Extracted data entries
· · · ·

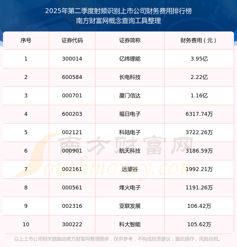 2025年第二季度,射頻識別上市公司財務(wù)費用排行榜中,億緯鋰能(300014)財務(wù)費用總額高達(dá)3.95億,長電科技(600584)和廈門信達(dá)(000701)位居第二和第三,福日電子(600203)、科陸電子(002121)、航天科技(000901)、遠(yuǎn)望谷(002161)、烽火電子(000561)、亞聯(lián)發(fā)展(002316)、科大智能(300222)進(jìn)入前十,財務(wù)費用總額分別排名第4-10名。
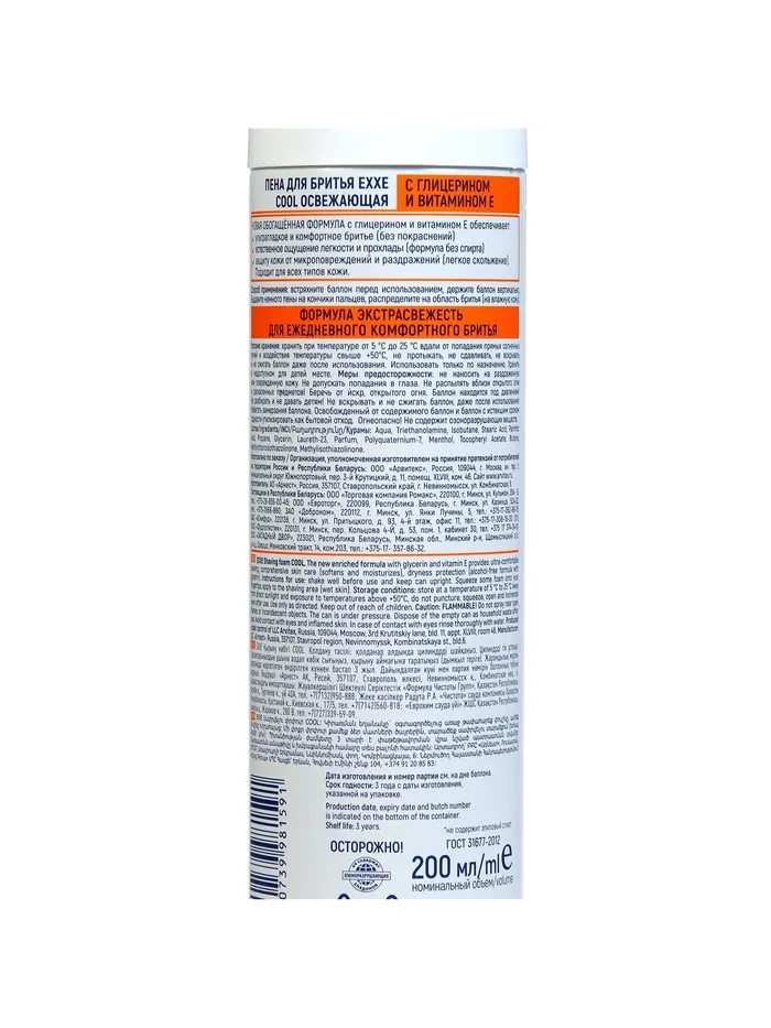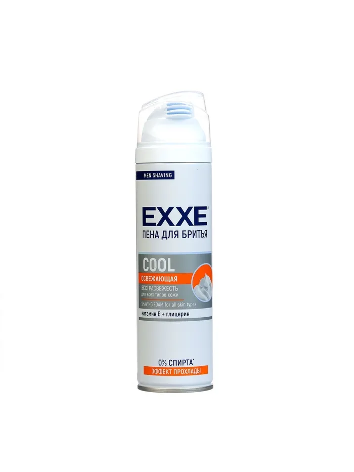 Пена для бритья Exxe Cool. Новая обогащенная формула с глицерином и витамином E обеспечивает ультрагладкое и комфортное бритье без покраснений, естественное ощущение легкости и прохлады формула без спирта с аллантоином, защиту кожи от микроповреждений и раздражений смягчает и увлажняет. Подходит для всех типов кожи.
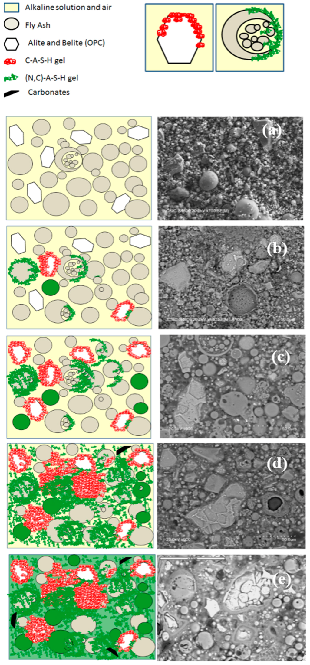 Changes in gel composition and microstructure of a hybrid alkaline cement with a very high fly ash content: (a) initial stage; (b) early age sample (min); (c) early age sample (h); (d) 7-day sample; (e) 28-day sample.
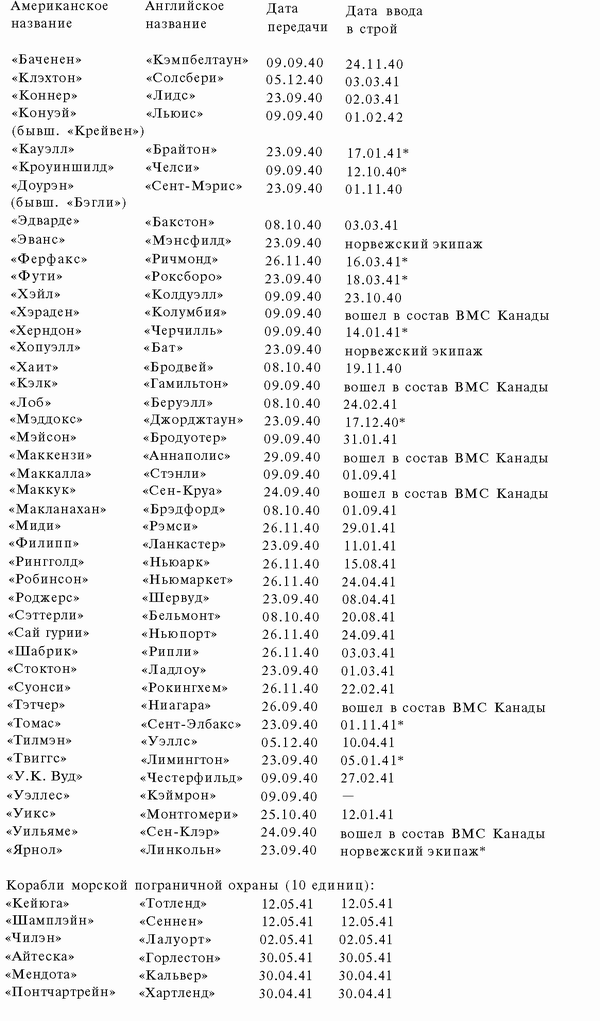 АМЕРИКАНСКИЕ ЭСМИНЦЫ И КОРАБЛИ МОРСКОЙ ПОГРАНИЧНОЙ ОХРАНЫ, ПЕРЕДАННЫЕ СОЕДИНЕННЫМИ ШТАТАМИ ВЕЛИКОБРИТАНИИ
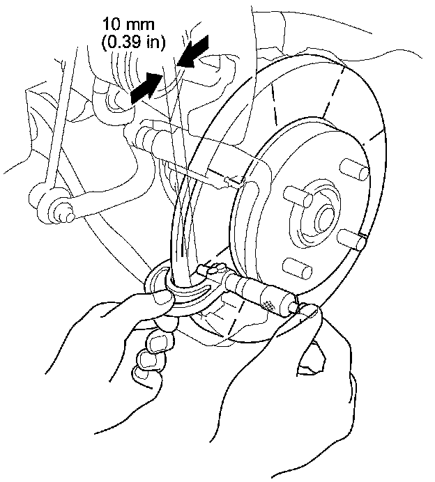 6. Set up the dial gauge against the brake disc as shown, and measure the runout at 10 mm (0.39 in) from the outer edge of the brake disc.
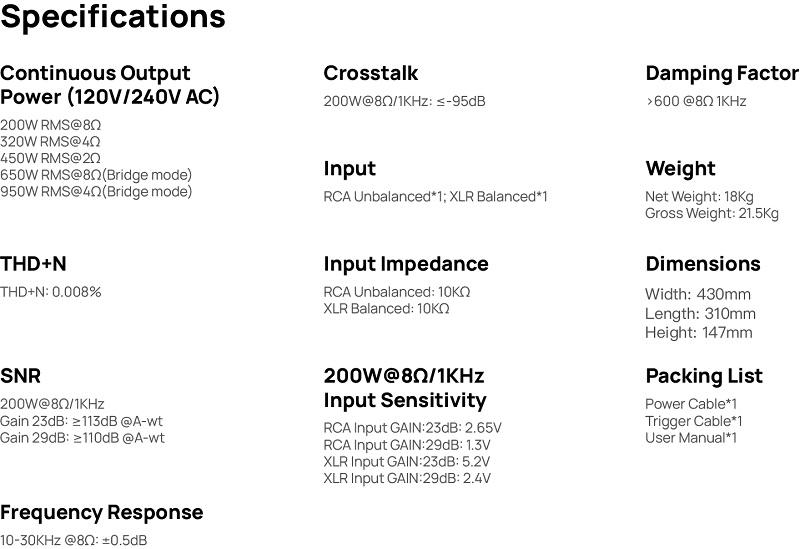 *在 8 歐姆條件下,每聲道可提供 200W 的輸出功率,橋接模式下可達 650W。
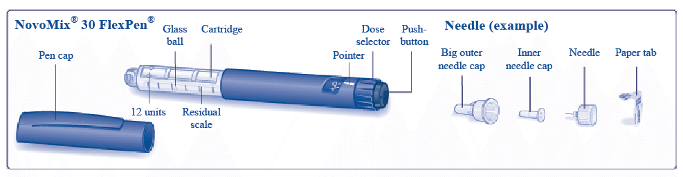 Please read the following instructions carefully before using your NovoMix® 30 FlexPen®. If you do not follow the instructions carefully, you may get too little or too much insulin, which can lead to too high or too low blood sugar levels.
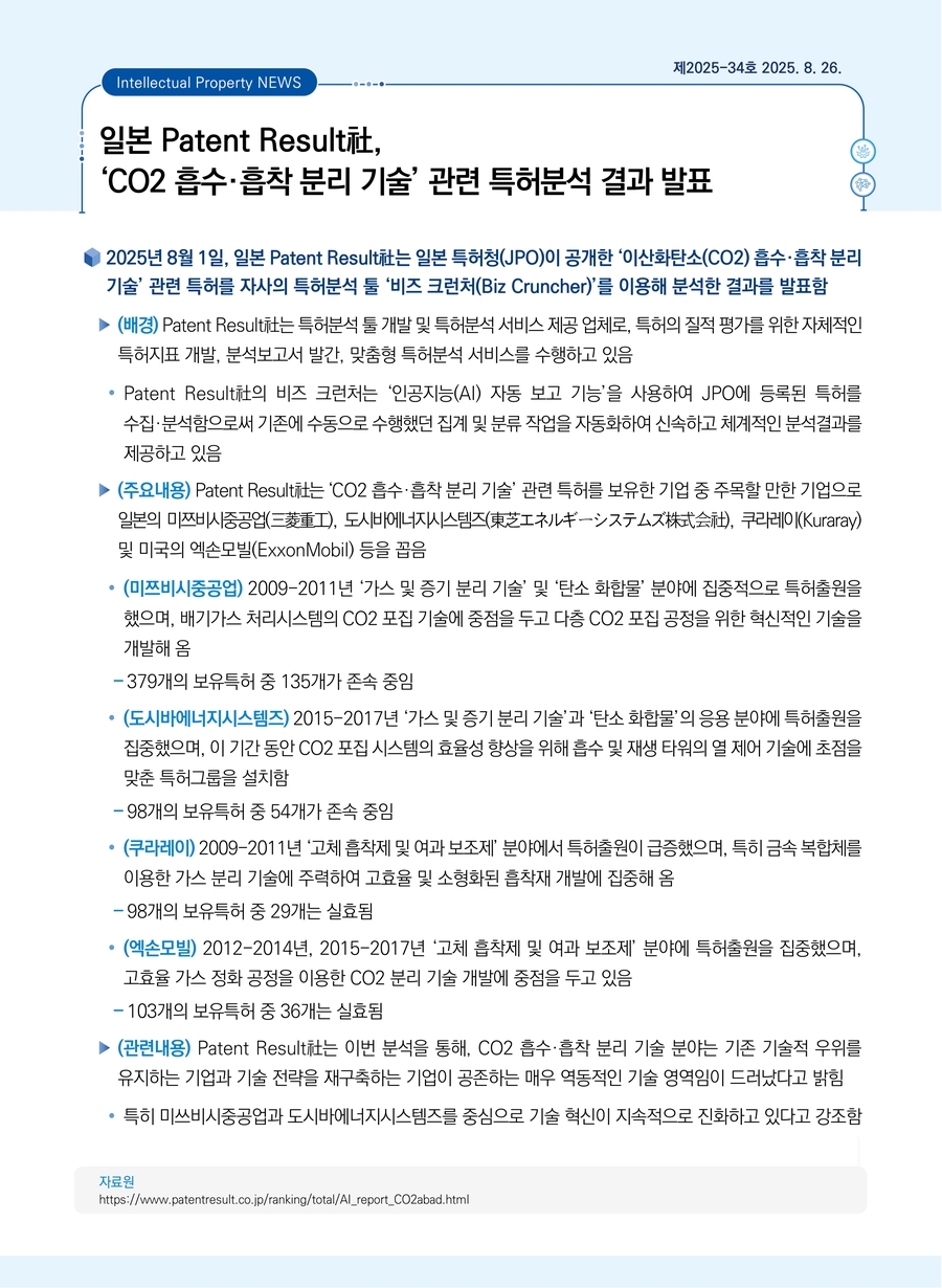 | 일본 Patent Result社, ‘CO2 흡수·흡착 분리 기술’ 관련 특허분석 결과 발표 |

· · · ·

Pictures do not belong in the answer. Return the lines above starting at the one with "200W 的輸出功率,橋接模式下可達 650W。" and ending at the one with "Please read the", both kept, exactly.

 *在 8 歐姆條件下,每聲道可提供 200W 的輸出功率,橋接模式下可達 650W。
 Please read the following instructions carefully before using your NovoMix® 30 FlexPen®. If you do not follow the instructions carefully, you may get too little or too much insulin, which can lead to too high or too low blood sugar levels.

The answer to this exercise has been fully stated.